10+ Years Apex expression — all dimensions (aroma, taste, mouthfeel, finish) reach their fullest harmony. Requires careful storage to maintain quality at this stage

Suitable for long-term aging when stored properly.

Bingdao Raw Pu-erh Tea — Frequently Asked Questions

Why is Bingdao called the "Queen" of pu-erh tea?

Lao Banzhang is the "King" — bold, aggressive, commanding. Bingdao is the "Queen" — elegant, sweet, and refined. Its signature rock-sugar sweetness (冰糖甜) and cooling throat sensation (清凉韵) are uniquely soft and sophisticated, without the aggressive bitterness that defines other famous mountains. It's a tea that captivates through grace rather than power.

What makes the 2016 vintage special for Bingdao?

2016 was a landmark year for Bingdao. Ancient-tree raw material prices reached approximately 8,000 RMB (~$1,100) per kilogram — among the highest in pu-erh history at that time, driven by surging demand. A cake from this vintage that has survived a decade of proper dry storage represents both peak-period material quality and a documented point in pu-erh market history. It's a vintage with provenance.

How do I understand Bingdao's "rock-sugar sweetness" and cooling sensation?

The "rock-sugar sweetness" (冰糖甜) is not sugar-rich or cloying — it's a clean, crystalline sweetness with a faint cooling edge, like drinking mountain spring water on a warm day and tasting the freshness. After swallowing, a cool, sweet sensation rises gently from the throat and spreads. The "huigan" — the returning sweetness — stimulates saliva and fills the mouth with a lasting, moist sweetness. It's one of pu-erh tea's most celebrated sensory experiences.

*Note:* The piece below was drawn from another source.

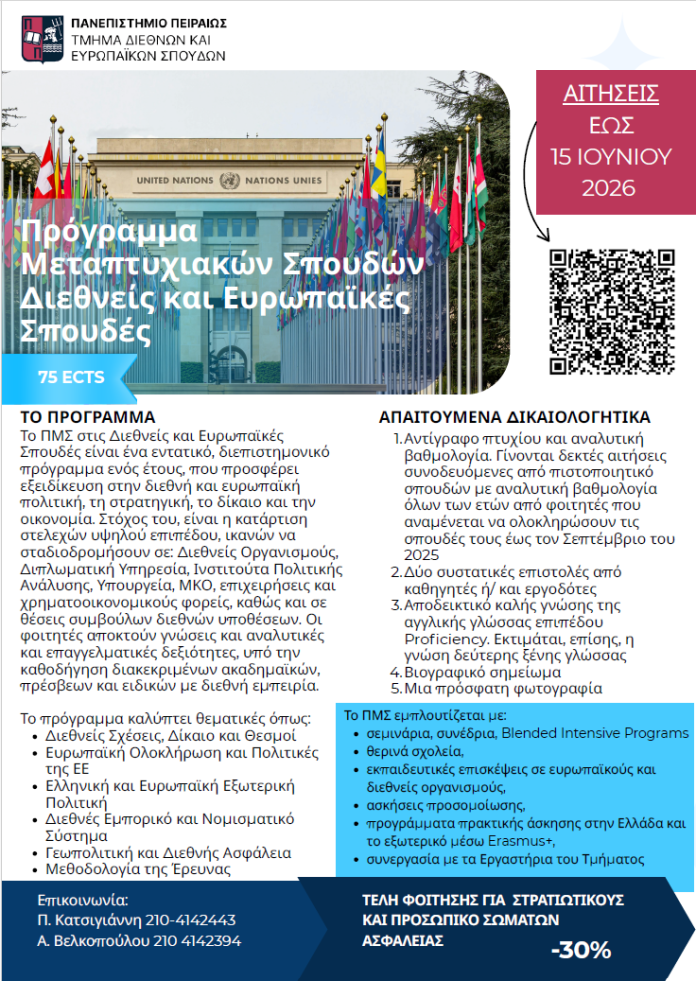 Το Τμήμα Διεθνών και Ευρωπαϊκών Σπουδών του Πανεπιστημίου Πειραιώς ανακοινώνει την προκήρυξη για το ακαδημαϊκό έτος 2026 – 2027 του Προγράμματος Μεταπτυχιακών Σπουδών:
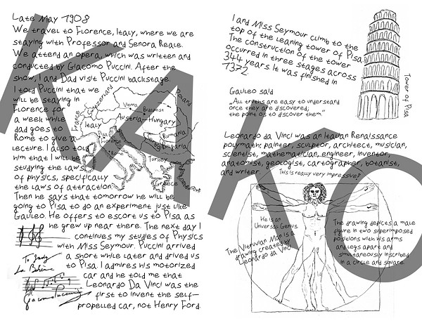 Als Alternative für die noch immer "zu professionellen" Bilder kannste auch versuchen die mit PS Elements oder Gimp so zu überarbeiten, dass die aussehen, als wären es kopieen. Im gebunden Diary klebste die augeschnittenen Schnipsel, dann anstatt der gedruckten Bilder ein. Oder Du lässt wieder "Dad" zeichnen (coole Idee by the way)... aber bei der Beziehung zwischen den beiden, glaub ich nicht das Henry Sr. das all zu oft gemacht hätte

About caffeine in pu-erh: Like all real teas, raw pu-erh contains natural caffeine — actual caffeine content varies by brewing method, leaf-to-water ratio, and steeping time. Natural & Handcrafted: This product is made from natural tea leaves, hand-picked at dawn, iron-wok hand-fixed (sha qing / 杀青, <180°C), hand-rolled, and sun-dried using traditional "Dian Shai Qing" methods in Yunnan, China. It contains no artificial additives, flavorings, or preservatives. All flavor characteristics — including the signature rock-sugar sweetness and cooling throat sensation — are the natural result of the tea's growing environment, ancient-tree genetics, and traditional processing methods. This product is a traditional tea beverage and is not intended to diagnose, treat, cure, or prevent any disease.